Hi baby. I miss you so much.
You were my first dog and I loved you more than words could ever say. Although you didn't always enjoy my company (as a kid, I was sometimes a little too affectionate), I know deep down you loved me, too.
When you left, my heart hurt for a very long time. It was weird coming home from school and not seeing you at the door. I used to resent hearing you bark every time the neighbor's Shih-Tzu walked past our house, but I started to miss that. And I always hated having to share my food when you were drooling on my leg, but I found myself wishing you were there to split my hamburger with. The little things we did together, like playing tug-o-war or taking a walk around the block, quickly became things I couldn't do anymore.

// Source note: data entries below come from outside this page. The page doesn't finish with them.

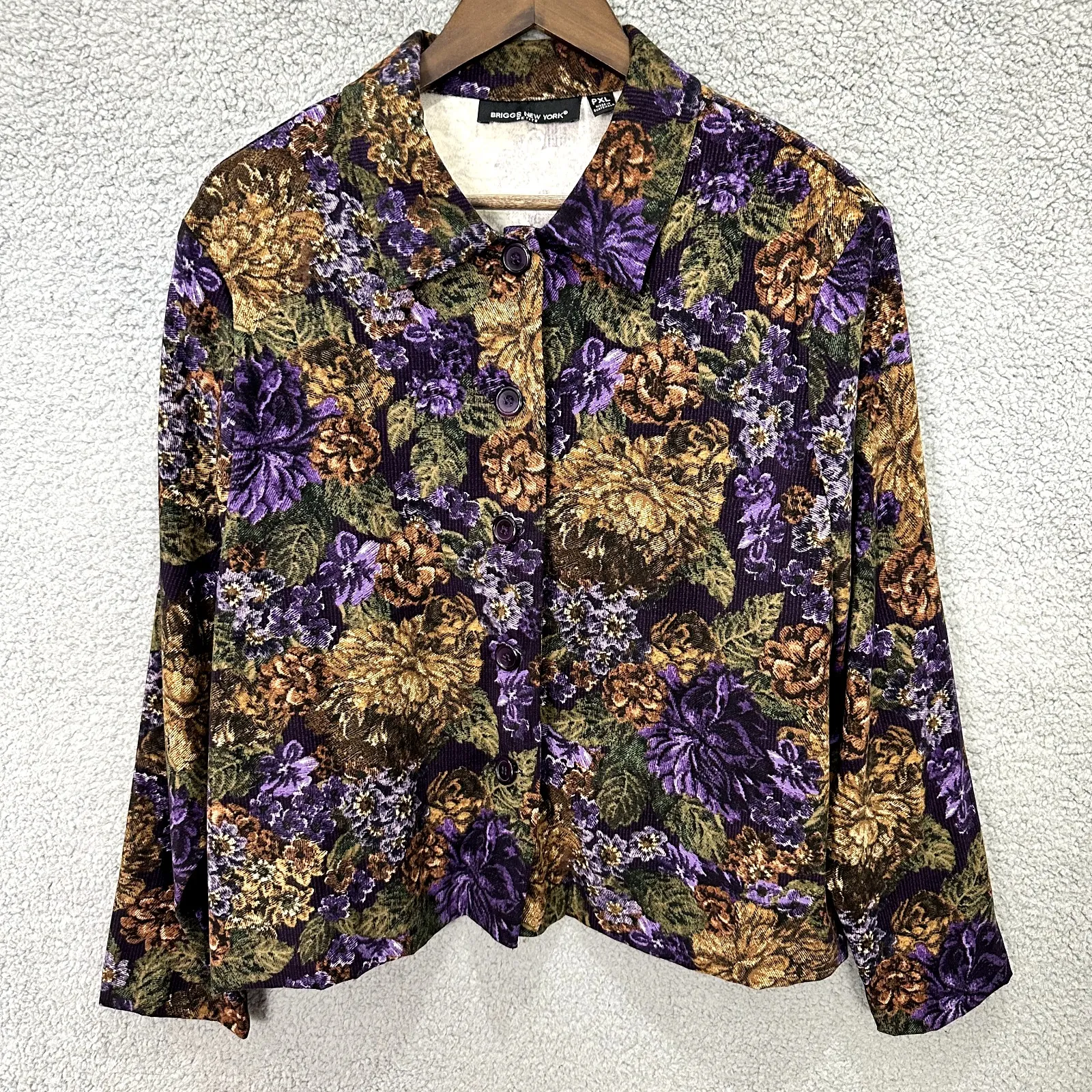 Briggs New York Blouse Womens PXL Floral Corduroy Button Up Dark Academia Retro Excellent vintage condition. No major flaws noted. Vintage-inspired floral corduroy blouse by Briggs New York in a rich fall palette of purple, olive, rust, and gold. Features a collared button front and soft velvety ribbed texture. Perfect for layering with dark academia and retro wardrobes. Petite XL. dark academia, retro, vintage, fall fashion, cottagecore, floralcore, maximalist, boho, grandmacore, artistic, statement #DarkAcademia #RetroFloral #VintageBlouse #CottagecoreStyle #FallFashion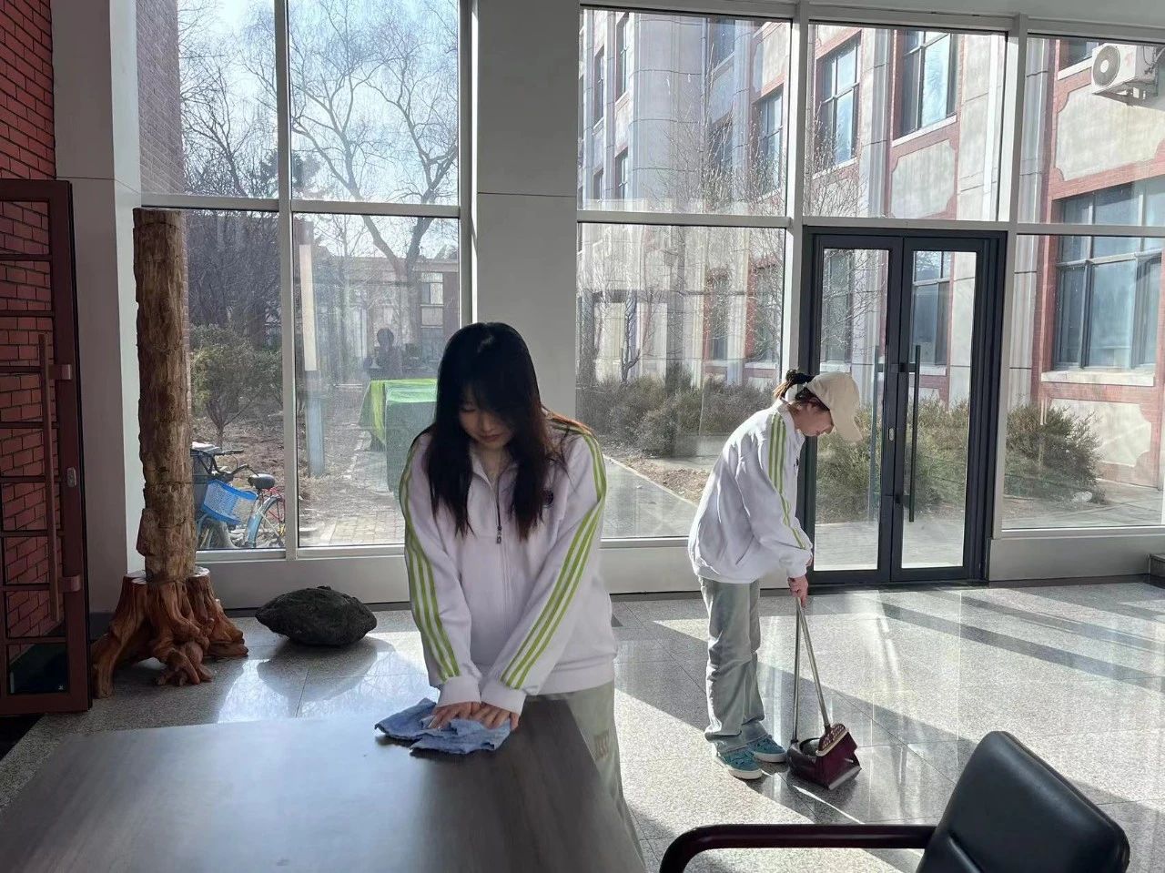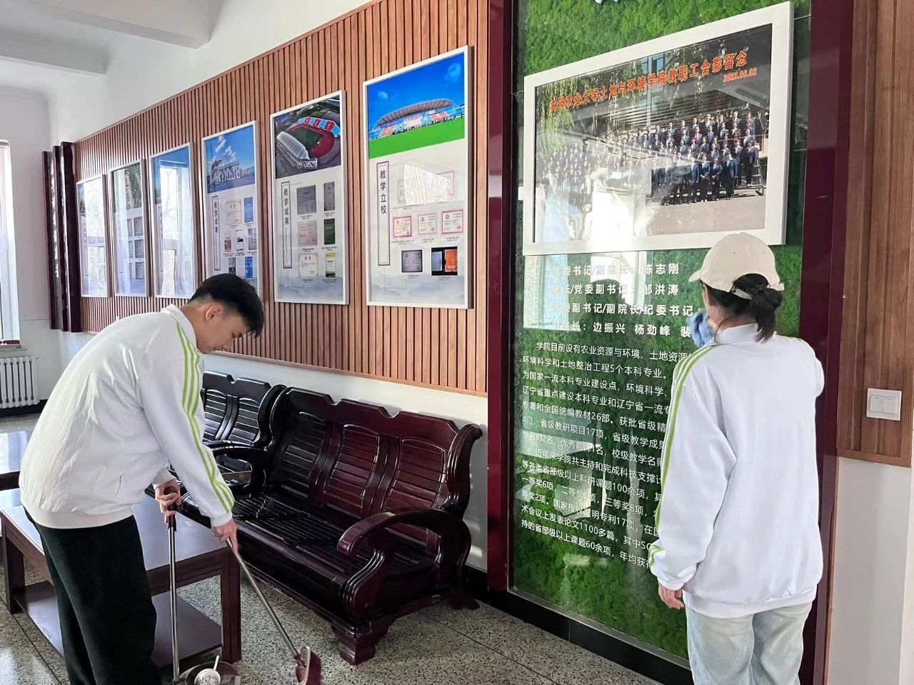 志愿者们手拿扫帚、铁锹等工具,在土壤楼清扫垃圾,用实践行动践行雷锋精神。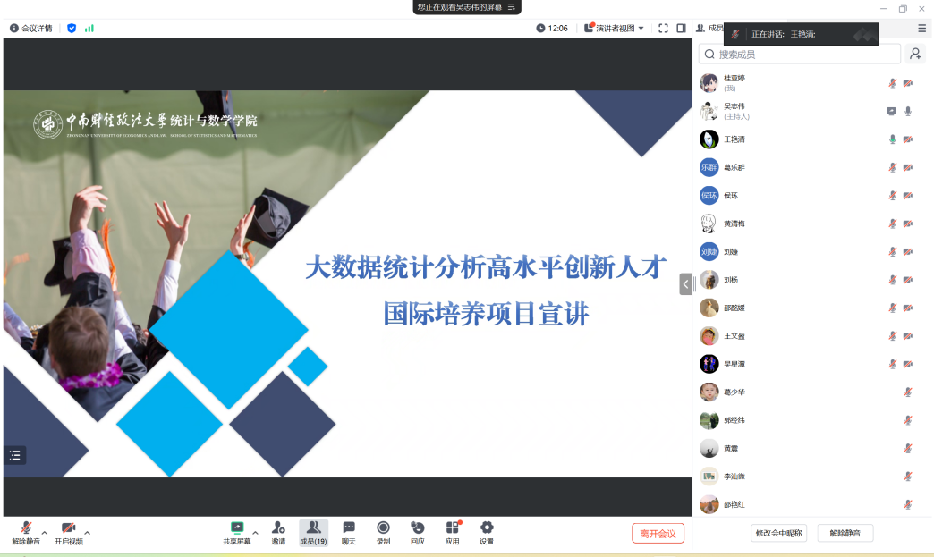 (通讯员 吴志伟 桂亚婷)近日,国家留学基金管理委员会发布《关于确定2025年创新型人才国际合作培养项目资助项目的通知》,统计与数学学院“大数据统计分析高水平创新人才国际培养项目”成功获批。为进一步做好后续的人员选拔推荐工作,1月7日晚,学院线上举办项目宣讲活动。本次宣讲由副院长王艳清主讲,研究生辅导员吴志伟、学院2024级博士研究生参会。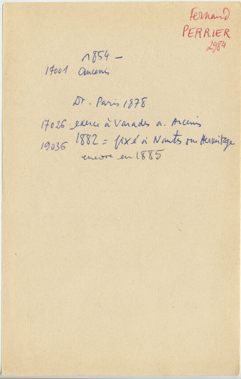 Papiers scientifiques de Jacques Léonard (1935-1988) : boîtes contenant par ordre alphabétique 3716 fiches biographiques portant sur des médecins de l'ouest de la France au XIXe siècle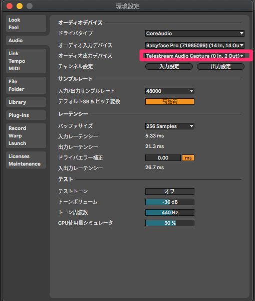 - オーディオの出力を「Telestream Audio Capture」に設定する。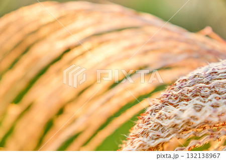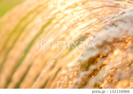 夕日を受けてオレンジ色に輝くススキの穂のクローズアップ。日本の秋らしい風景。手前のススキにピント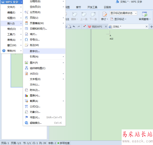 6、1---代表 A。780---代表ACZ。我們也可以選擇點擊WPS文字下面的插入,再點擊數字,也可以打開對話框。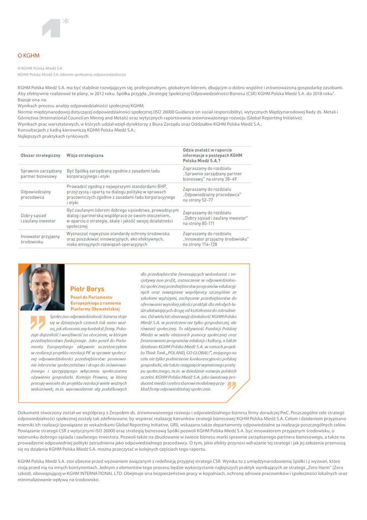 O KGHM O KGHM Polska Miedź S.A. KGHM Polska Miedź S.A. liderem społecznej odpowiedzialności KGHM Polska Miedź S.A. ma być stabilnie rozwijającym się, profesjonalnym, globalnym liderem, dbającym o dobro wspólne i zrównoważoną gospodarkę zasobami. Aby efektywnie realizować te plany, w 2012 roku. Spółka przyjęła „Strategię Społecznej Odpowiedzialności Biznesu (CSR) KGHM Polska Miedź S.A. do 2018 roku”. Bazuje ona na: Wynikach procesu analizy odpowiedzialności społecznej KGHM; Normie międzynarodowej dotyczącej odpowiedzialności społecznej (ISO 26000 Guidance on social responsibility), wytycznych Międzynarodowej Rady ds. Metali i Górnictwa (International Council on Mining and Metals) oraz wytycznych raportowania zrównoważonego rozwoju (Global Reporting Initiative); Wynikach prac warsztatowych, w których udział wzięli dyrektorzy z Biura Zarządu oraz Oddziałów KGHM Polska Miedź S.A.; Konsultacjach z kadrą kierowniczą KGHM Polska Miedź S.A.; Najlepszych praktykach rynkowych. Dokument stworzony został we współpracy z Zespołem ds. zrównoważonego rozwoju i odpowiedzialnego biznesu firmy doradczej PwC. Poszczególne cele strategii odpowiedzialności społecznej zostały tak zdefiniowane, by wspierać realizację kierunków strategii biznesowej KGHM Polska Miedź S.A. Celom i działaniom przypisano mierniki ich realizacji (powiązane ze wskaźnikami Global Reporting Initiative, GRI), wskazano także departamenty odpowiedzialne za realizacje poszczególnych celów. Powiązanie strategii CSR z wytycznymi ISO 26000 oraz strategią biznesową Spółki pozwoli KGHM Polska Miedź S.A. być innowatorem przyjaznym środowisku, o wizerunku dobrego sąsiada i zaufanego inwestora. Pozwoli także na zbudowanie w świecie biznesu marki sprawnie zarządzanego partnera biznesowego, a także na prowadzenie odpowiedniej polityki zatrudnienia jako odpowiedzialnego pracodawcy. O tym, jakie efekty przynosi wdrażanie tej strategii i jak jej założenia przenoszą się na działania KGHM Polska Miedź S.A. można przeczytać w kolejnych częściach tego raportu. KGHM Polska Miedź S.A. stoi obecnie przed wyzwaniem związanym z redefinicją przyjętej strategii CSR. Wynika to z umiędzynarodowienia Spółki i z wyzwań, które stoją przed nią na innych kontynentach. Jednym z elementów tego procesu będzie wykorzystanie najlepszych praktyk wynikających ze strategii „Zero Harm” (Zero szkód), obowiązującej w KGHM INTERNATIONAL LTD. Obejmuje ona bezpieczeństwo pracy w kopalniach, ochronę zdrowia pracowników i społeczności lokalnych oraz minimalizowanie wpływu na środowisko.
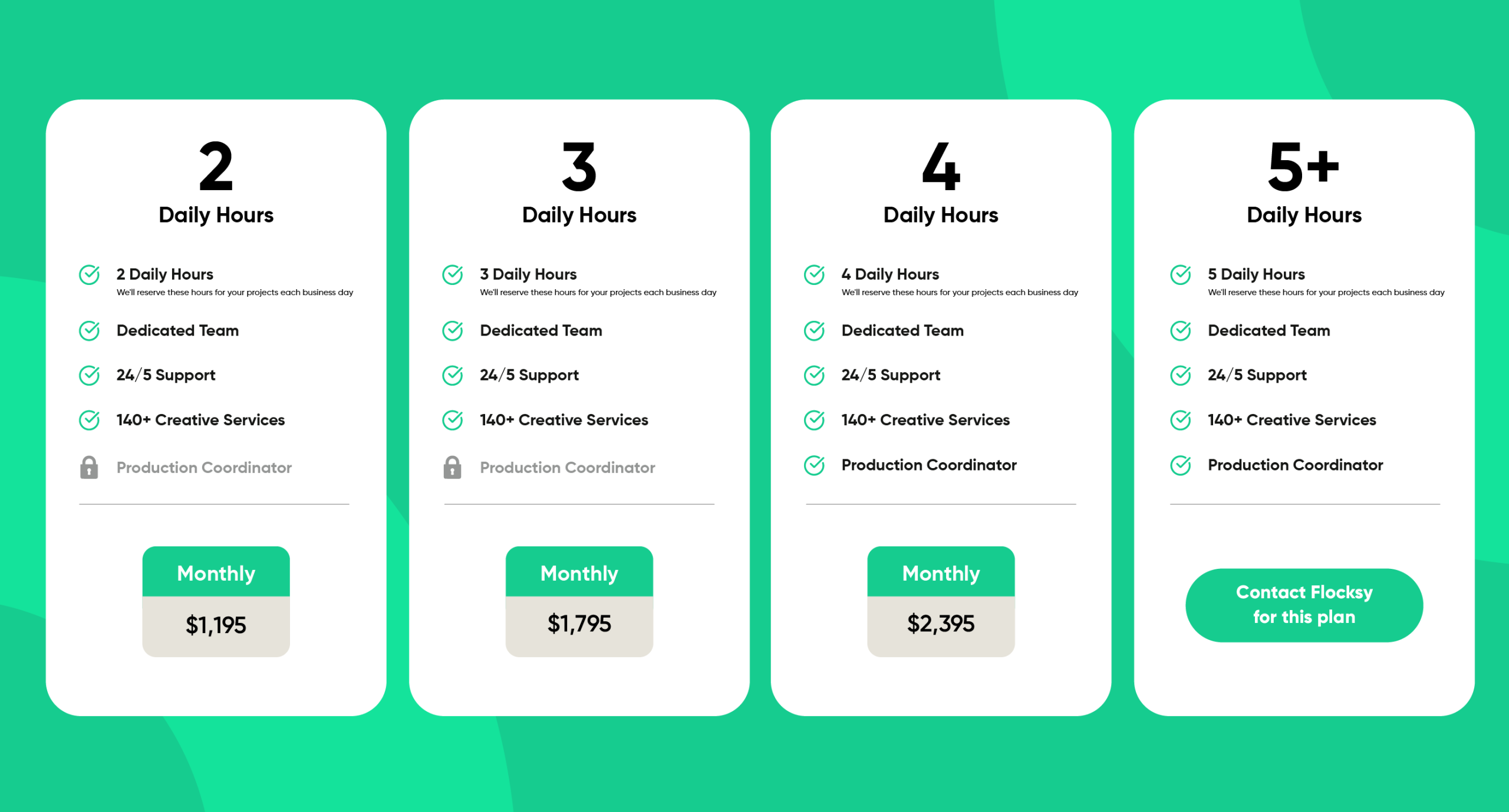 - Pricing begins at approximately $1,918 per month for two creative hours per business day.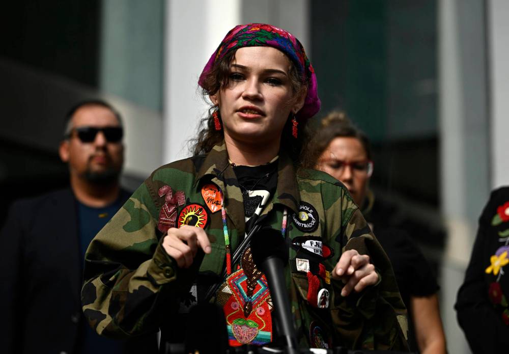 Cambria Harris, daughter of Morgan Harris, speaks at a news conference in Ottawa in September. (Justin Tang / The Canadian Press files)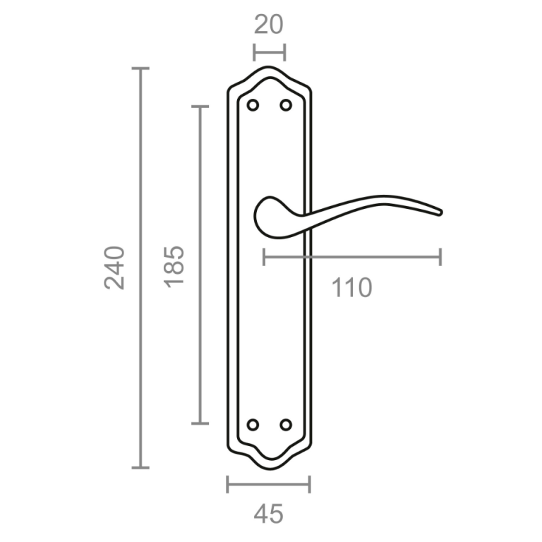 JUEGO DE MANILLA 1777.PARA PUERTAS DE PASO DE CASA O LOCAL.MEDIDA PLACA 240x45mm.MEDIDA MANETA 110mm.MATERIAL PLACA ACERO Y MANETA DE ALUMINIO.ACABADO LATONADO.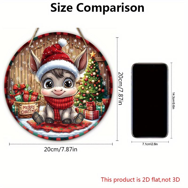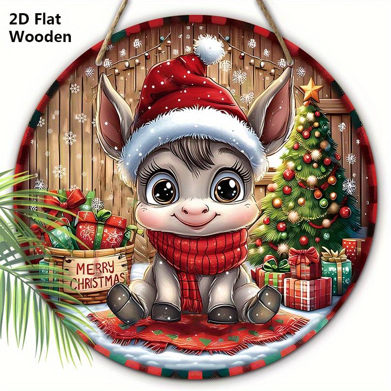 Деревянная рождественская табличка с очаровательным узором маленького ослика - Круглая табличка Navidad для входной двери, настенный декор - Идеальный рождественский подарок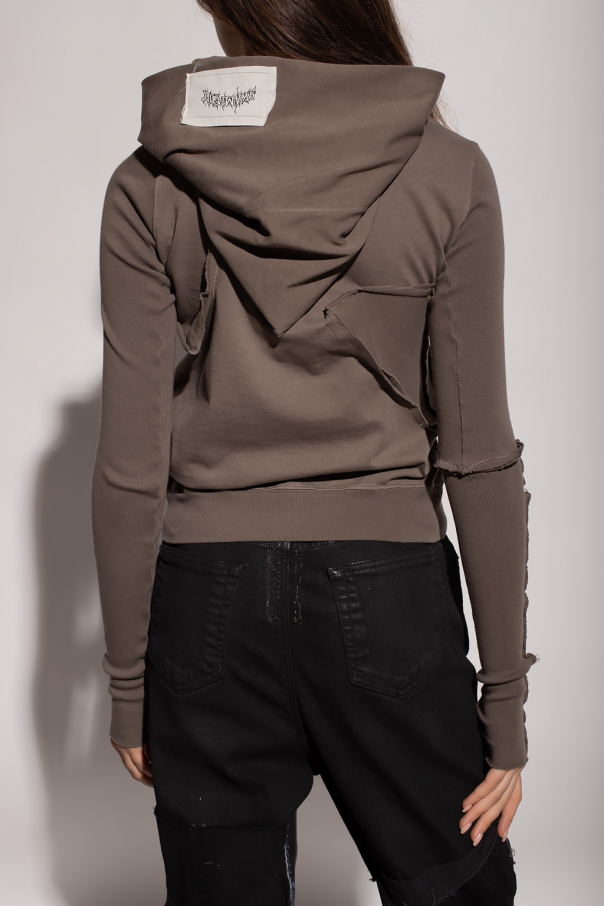 Brown sweatshirt from Rick Owens x Swampgod. Made of cotton, this style features a zip fastening, distinctive raw-cut stitching and seams, and an elasticated bottom hem and cuffs. Item designed to celebrate the 10th anniversary of VITKAC.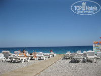 До моря минут 5 наверное. Пляж собственный метров 15-20, но достаточно. Проживающих мало, места хватает всем. Лежаки, матрасы-бесплатно. Душ у кафе. При входе стоит кулер с водой и ещё чем-то. Пляж-галька, вода чистая, рядом пирс, но от др.отеля.

We all miss you so much. Mom misses you jumping up and cuddling with her. Dad really misses playing catch in the yard with you. Your sister misses teasing you endlessly. And me, well I just miss having you around. You always made life a little more interesting. I wish you could have been here to see all the fun things we've done the past few years. It's not the same without you here.
I want to thank you for being the best dog you could be. We were not always the nicest people; bugging you when you wanted to sleep or not sharing our ice cream with you. But at the end of the day, you were family. Seeing you go through the pain you went through was so hard so we had to let you go. We hope you understand. You gave us 14 years of laughs and love and we could never repay you for that.
I hope you don't feel replaced by the new dog. She's a little crazy, you definitely wouldn't like her. But she would have absolutely loved you. It took a while to convince mom to let us get another dog -- she said she didn't want anyone other than you. But we finally got her to crack (you know she's easy to convince) and we brought the puppy home. And she makes me so happy, like how you did when you were here. She's no replacement, but she brought life back to our dog-less home.
And although no words could ever describe how much I wish you were still here, you gave us a lifetime of happiness in your numbered days. We are forever grateful for you and miss you every single day.
Love,
One of your favorite humans
(P.S. I hope you're having fun up there with grandma, your #1 human. If we can't have her, we're glad you can.)